Re: Confused by a derivation.

[Ludwik Kowalski <kowalskiL@MAIL.MONTCLAIR.EDU>]

MY DILEMMA WAS SOLVED. IT HAPPENED AS I WAS
EXPLAINING WHAT CONFUSED ME. LET ME POST
WHAT I WROTE, THE CONTENT IS NOT DIFFERENT
FROM WHAT BOB POSTED TODAY (AND WHAT JOHND
WAS SAYING IN THE MESSAGE SHOWN BELOW)
Ludwik Kowalski
**********************************************
Referring to this:

> I am not very happy; perhaps somebody else
> will come with an acceptable derivation.

JohnD, wrote:

> If somebody sees a problem, please explain. …..
> I don't understand what there is to be unhappy about.

Let me try to better (?) explain my concern. The problem is
to calculate E in the narrow gap between the identical parallel
plates, one with the net charges +Q and ?Q.

1) Here is how the problem is solved in many textbooks.
    The electric field of a single isolated plane of charge,
     on each side, is sigma/(2*eps_o); this comes from
     Gauss’s Law. We have two such planes. They reinforce
     each other in the gap and cancel each other outside the
     gap. Therefore the net E=sigma/eps_o.

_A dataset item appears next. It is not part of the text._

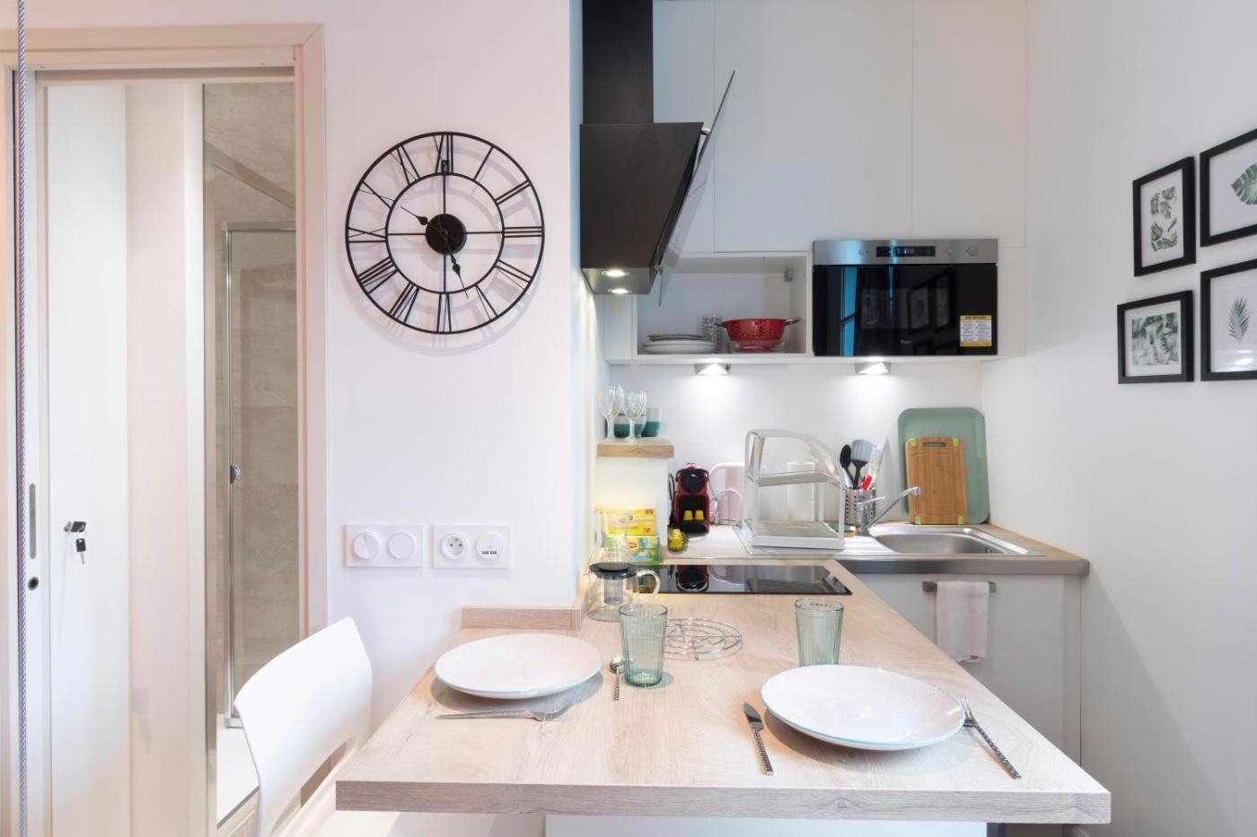 Studio. The apartment has 1 bedroom and 1 bathroom with a shower and free toiletries. Meals can be prepared in the well-fitted kitchenette, which has a stovetop, a refrigerator, kitchenware and a toaster. The apartment features parquet floors, a seating area with a flat-screen TV, a coffee machine, a dining area, as well as a wardrobe. The unit has 1 bed.

2) What is wrong with the above? Nothing. Except it is
    a different problem. It is not at all obvious that the field
    due to two isolated planes of charge is the same as the
    field due to charges residing on conducting plates.

3) I agree with JohnD that a single metallic plate carrying
    a charge +Q (distributed uniformly on both sides) will
    have the field sigma/(2*eps_o) on each side. This is
    exactly the same as the field from a single isolated
    plane carrying the same total charge +Q.

    But the similarity ends when the plane carrying the net
    charge ?Q is brought to create a narrow gap. If the layers
    of sigma are immobilized then we have a superposition
    of two fields. Nothing is changed in the distributions of
    +Q and ?Q.

4) For metallic plates, however, the distributions of +Q and
    ?Q are no longer the same as they were before the gap was
    created. Instead of being distributed on both sides of
    conductive plates the charges are distributed only on
    sides facing each other.

5) Applying Gauss’s law we can show that the uniform
    field created by +Q is +sigma’/eps_o while that created
    by ?Q is ?sigma’/eps_o. By the principle of superposition
    the net field in the gap should be E’=2*sigma’/eps_o.
    How does this compare with E=sigma/eps_o due to the
    isolated layers of +Q and ?Q?

    E and E’ would be identical if sigma=2*sigma’. Is this
    justifiable? Yes, it is. That is what JohnD and Bob were
    saying. Hmm, I have just convinced myself that two
    problems have identical solutions.

THANKS TO ALL WHO RESPONDED.

John Denker wrote:

1) There is a slightly unfortunate ambiguity in the definition
of area:  If you buy some aluminum foil that is 2 feet wide
and 25 feet long, you've got 50 square feet of aluminum foil.
That's enough to cover 50 square feet of real estate.  But if
you want to paint it (both sides) you need to buy 100 square
feet worth of paint, so in this unusual sense your foil has
100 (not 50) square feet of "area" -- but when talking about
the two-sided area of thin objects you must be super-explicit
that you are referring to the two-sided area.

2) Every field line ends on a charge.

2a) For one plate of a parallel-plate capacitor, all the
field lines go out one side.  This is required by overall
charge neutrality (we're assuming the capacitor is being
operated as a 2-terminal device in accordance with
Kerchhoff's "law") so it remains true even for non-flat
capacitors (e.g. a coaxial cylindrical capacitor).

2b) For a single isolated flat plate, half the lines go
out one side and half go out the other.  This should be
obvious by symmetry for a flat plate.  It's not obvious
(and not true :-) for non-flat plates.

The maximum field (per unit charge) is 2x greater in
case (2a) than in case (2b).  I don't see a problem here.

If somebody sees a problem, please explain.